Avocados should be avoided as they contain the persin toxin. Photo: Shikhar Bhattarai/Stocksy United

Alliums (onions)
Perhaps the strongest argument for not giving dogs human food is the ubiquity of alliums. All types of onions, including scallions, chives, garlic, leeks, and shallots, are dangerous for dogs. “Alliums contain a toxic sulfur compound called n-propyl disulfide, which can damage your dog’s red blood cells,” says Hemmings. “This makes them less effective at moving oxygen around the body, which can cause anemia and weakness. Signs of illness are not always immediately apparent and can occur up to a few days or even a week later. It’s cumulative, so one piece is unlikely to do any harm, but over time, many small pieces, fed regularly, could affect the dog’s heart rate, which is potentially serious.”

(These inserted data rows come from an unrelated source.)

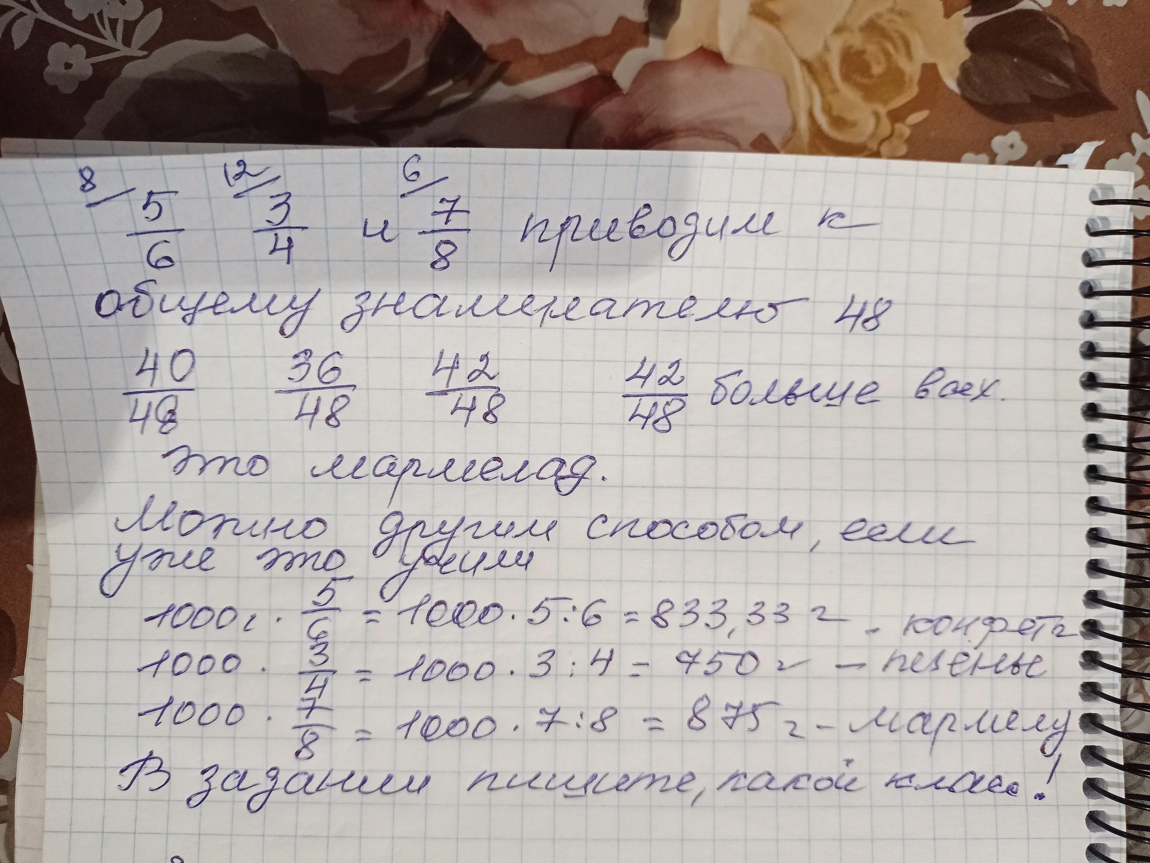 На день рождение Карлсон купил 5/6 – кг конфет,3/4 – кг печенья,7/8 — кг мармелада.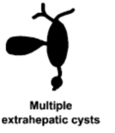What choledocal cyst has one extrahepatic cyst and many intrahepatic cysts?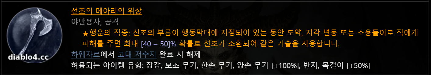 선조의 부름이 행동막대에 지정되어 있는 동안 도약, 지각 변동 또는 소용돌이로 적에게 피해를 주면 최대 40-50% 확률로 선조가 소화된어 같은 기술을 사용합니다. 5초에 한번만 발생할 수 있습니다.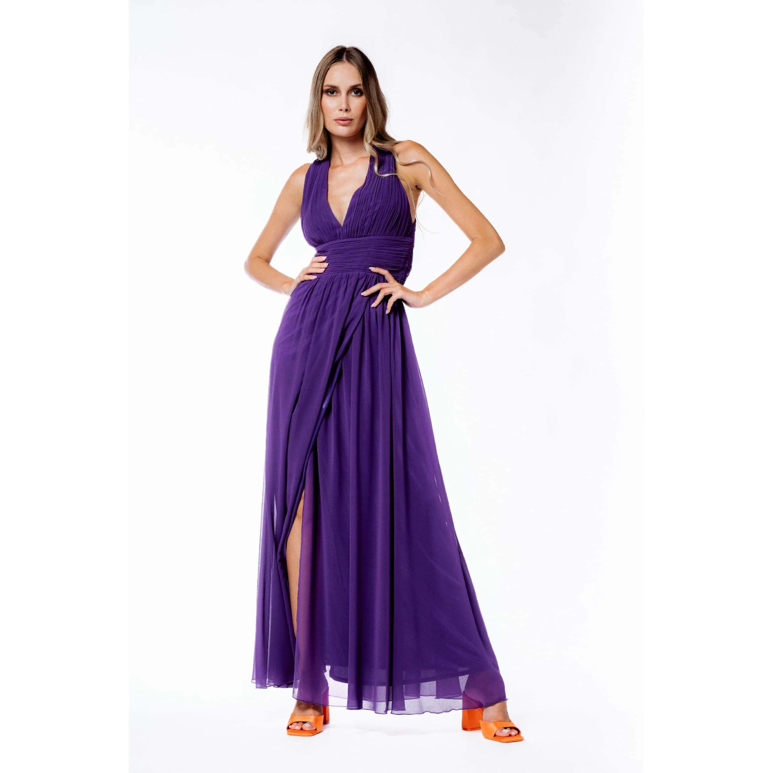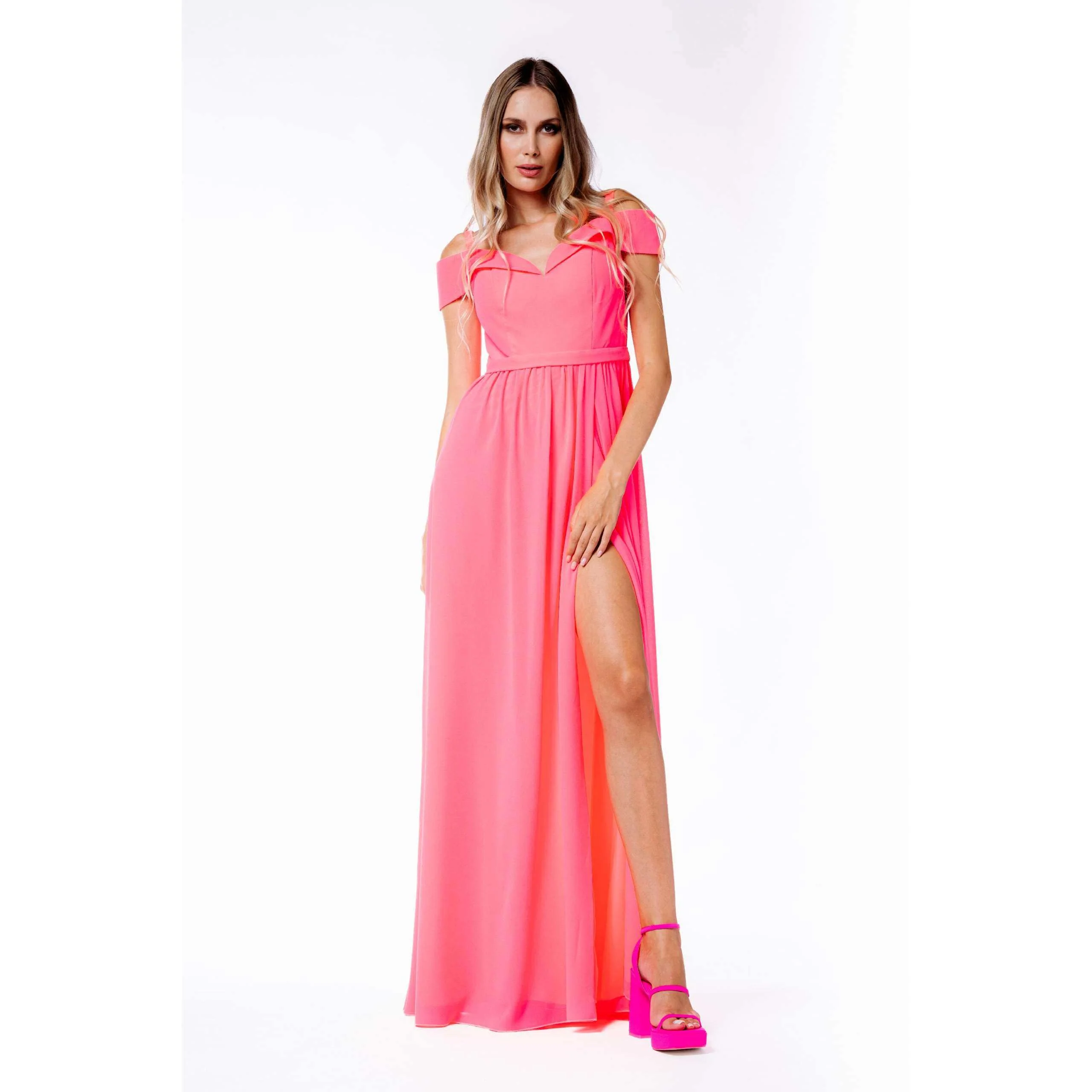 Abito ROSA “BUBBLE” come nella terza foto, Crรชpe, senza applicazioni, tinta unita, collo con scollatura profonda, plissรจ, senza maniche con Spalline Larghe , interno foderato, zip, senza tasche, modello stile impero con spacco centrale e intreccio sulla schiena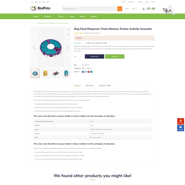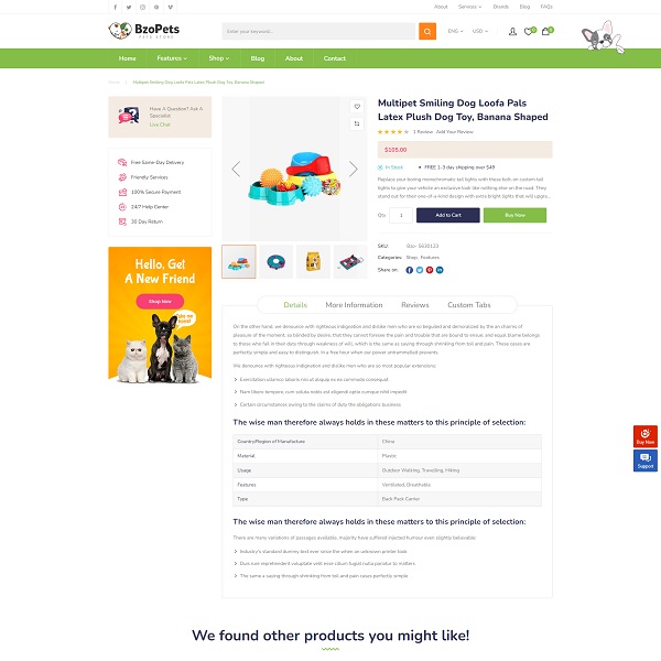 It allows you to represent your shop categories in an attractive way along with Featured Products & Best Sellers sections. Specially, the pet shop Magento template is integrated with Ajax Search Magento extension that makes it simple and quick for website users to locate what they’re looking for.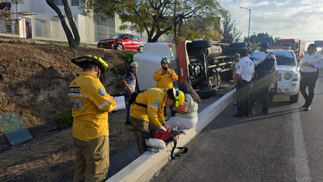 Los rescatistas atendieron a dos adultos y un adolescente que viajaban en la unidad, quienes resultaron ilesos y no requirieron traslado hospitalario. El vehículo es de la marca Freightliner, color blanco, con matrícula NS4819B.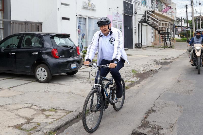 En bici Armenta recorrió calles de la ciudad de Puebla

“Avocados contain the toxin persin, which can cause fluid to build up in your dog’s lungs, leading to shortness of breath, lack of oxygen, and even death,” Hemmings says. “If you are making avocado and some falls on the floor, your dog would be fine eating it; he would have to be consuming a lot over a period of time for it to be a problem, since the flesh of the avocado contains very low levels of persin. However, there is no benefit and there is potential for harm, plus avocados are high in calories so best avoided.”

yeast dough
“Yeast dough eaten raw can rise and ferment in your dog’s stomach. Fermentation can cause your dog’s stomach to stretch to the point of pain and bloating; it could cause a blockage in your intestines and release toxic levels of ethanol into your bloodstream, causing alcohol poisoning,” says Hemmings.

Like the caffeine in chocolate, dogs cannot metabolize alcohol, so any drink, food, or even household products with different forms of alcohol are not only extremely harmful to health, but can also be toxic. “Alcohol can cause dangerously low body temperature, hyperventilation and disorientation in dogs and, in extreme cases, can lead to organ failure. It’s never OK to give dogs alcohol,” Hemmings says.

“Dogs cannot eat macadamia nuts, as they contain a toxin that can cause fever, muscle weakness, vomiting and tremors. Almonds are not toxic, but they can block the esophagus,” says Hemmings. Salted almonds or peanuts could increase water retention, which can be serious for dogs prone to heart disease. It’s best to avoid all nuts, as some contain natural toxins called juglones, and all are high in calories and too fatty for dogs, especially small breeds.

moldy food
This is arguably one that many dog ​​owners don’t know about. “Moldy food can contain mycotoxins that could make your dog seriously ill. There was a kid once who left a sandwich in his lunch box and forgot about it – the dog got into his bag and ate it, and sadly passed away a few days later,” says Hemmings.

The symptoms of mycotoxin poisoning are agitation, fever, vomiting, tremors, convulsions and even death.